One of the best part about travelling by train in Japan is trying its variety of ekiben – lunchboxes specially packed for commuters. These convenient parcels of food have been around since the birth of train travel in Japan, providing travellers with not just sustenance but also a taste of local specialties wherever they travelled.
Today, ekiben are an essential part of a Japanese travel experience – so much so that new editions are created to commemorate new train lines, special occasions, or famous characters. You can buy ekiben at shinkansen stations, as well as on board the trains. The price of an ekiben ranges from under 1,000 yen to 2,000 yen depending on the ingredients. Some of these ekiben are so popular that they sell out within minutes!
Just because they’re meant to be ‘fast food’, it doesn’t mean that care and attention aren’t paid to their ingredients or packaging. You can find ekiben featuring quality ingredients like Matsusaka beef, snow crab, and mountain vegetables. Some ekiben are famous for their beautiful packaging – ranging from terracotta pots to wooden containers – that you can take home as souvenirs.
There is something magical about eating a delicious meal while admiring the landscape outside your window – no matter which major train line you take, savouring a box of ekiben is a quintessential cultural experience not to be missed.
Each region and station has its own specialty ekiben that are popular, whether it’s for their local ingredients or ingenious packaging. Here are some ekiben that you shouldn’t miss if you’re travelling through these areas:
With a packaging that resembles a black cow’s head, Moo Taro Bento contains gyudon (rice topped with slices of cooked wagyu) using local Matsusaka beef, one of Japan’s top three beef brands. The cattle are given beer to drink and massaged with shochu (distilled spirit) to produce a unique, tender meat. Once you open the bento lid, it plays a tune called ‘Furusato’, a Japanese nursery song (the tune will play 20,000 times when the sensors react to light). Moo Taro Bento (1,350 yen) is available at Aratake, which has a branch at Matsusaka Station.
Masu no Sushi is said to have originated in 1717 when Shinpachi Yoshimura, a Toyama feudal lord, gifted the Yoshimune Tokugawa shogunate a sushi made of Jinzu River trout and rice as a formal tribute. The sushi is made by pressing a layer of preserved trout over a bed of vinegared rice, wrapped in bamboo leaves and prepared in a mini hangiri (a circular wooden container for preparing sushi rice) sealed with a lid. The ekiben comes with a knife so you can cut the sushi into bite-sized portions. You can purchase Masu no Sushi (1,400 yen) from Minamoto at JR Toyama Station.

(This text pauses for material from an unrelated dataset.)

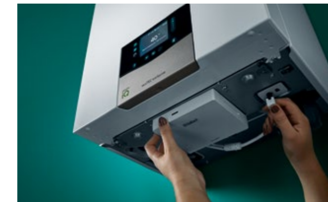
Instalirajte sistem sensoNET u tren oka

Crno: osnovni sistem sa uređajem ecoTEC exclusive, sensoCOMFORT VRT 720 i rezervoarom za toplu vodu Sivo: opciono dodaci - sobni korektori VR 92, modul za hidrauličko proširivanje VR 71, solarna priprema tople vode za domaćinstvo i komunikaciona jedinica sensoNET VR 921 za upravljanje aplikacijom i daljinsku dijagnostiku
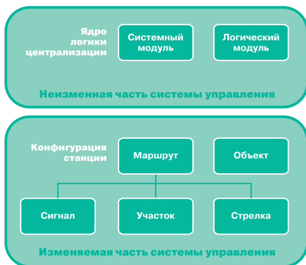
Рис. 4. Структура программного обеспечения МПЦ-МЗ-Ф

Такое разделение программного обеспечения микропроцессорной централизации позволяет значительно упростить внесение изменений, обусловленное корректировкой путевого развития станции. Применение системы автоматического проектирования (САПР) конфигурации станции позволяет существенно сократить срок разработки программного обеспечения для новых станций. Благодаря использованию САПР снижается риск внесения ошибки в программу на этапе проектирования, а также влияние человеческого фактора. В соответствии с установленным ОАО «РЖД» порядком Испытательный центр железнодорожной автоматики и телемеханики ПГУПС выдал заключение на технологическое ПО МПЦ-МЗ-Ф, подтверждающее безопасность его функционирования.

Toge no Kamameshi is an ekiben that contains (Kamameshi - a popular Japanese dish of) cooked seasoned rice in a ceramic pot with chicken, egg, and vegetables like burdock, bamboo and shiitake mushrooms.
Toge no Kamameshi is the first ekiben that used kama (Mashiko yaki from Tochigi) was sold in 1958, served in a ceramic pot to keep its warm longer. It is reusable that can be cooked original kamameshi or 1 gou rice (a cup measuring about 150 grams).The most famous place to buy Toge no Kamameshi is from Oginoya at Yokokawa station.
The Sandai Kani Aji Kurabe bento is a representative of seafood from Hokkaido, containing three kinds of crabs: taraba (red king crab), zuwaigani (snow crab), and kegani (horsehair crab). The rice is prepared with kombu dashi (kelp broth), and the bento is separated into three sections, each topped with a generous portion of minced crab and a crab leg of each type. Winter is the best time to enjoy all three kinds of crabs at their freshest. The Sandai Kani Aji Kurabe Bento (1,250 yen) is available year-round, from Bensaitei at Sapporo Station.
One of Japan’s top brands of beef, Maesawa wagyu is produced in Iwate Prefecture. The beef is known for its fine strips of marbled fat that creates a creamy, tender texture. This ekiben contains wagyu nigiri – strips of seared Maesawa wagyu wrapped around pressed rice. While this type of sushi is not common, it’s a great way to experience the meat’s unique flavour and texture, since only the highest grade of wagyu is used. Each box has to be pre-ordered at least two days in advance via Saito Shogetsudo, and available for pickup at JR Tohoku Station.
If you’re hopping on the newly-launched Hello Kitty Shinkansen – from Hakata Station in Fukuoka and Shin-Osaka Station in Osaka – then why not sample its namesake ekiben as well? This ceramic version of the pink bullet train contains Kobe-style sukiyaki – local slices of beef served with a Hello Kitty-shaped fishcake, fried tofu, boiled konnyaku jelly, and star-shaped carrots. The Hello Kitty Shinkansen ekiben (1,500 yen) is available from Awajiyaat Shin-Kobe Station and Kobe Station.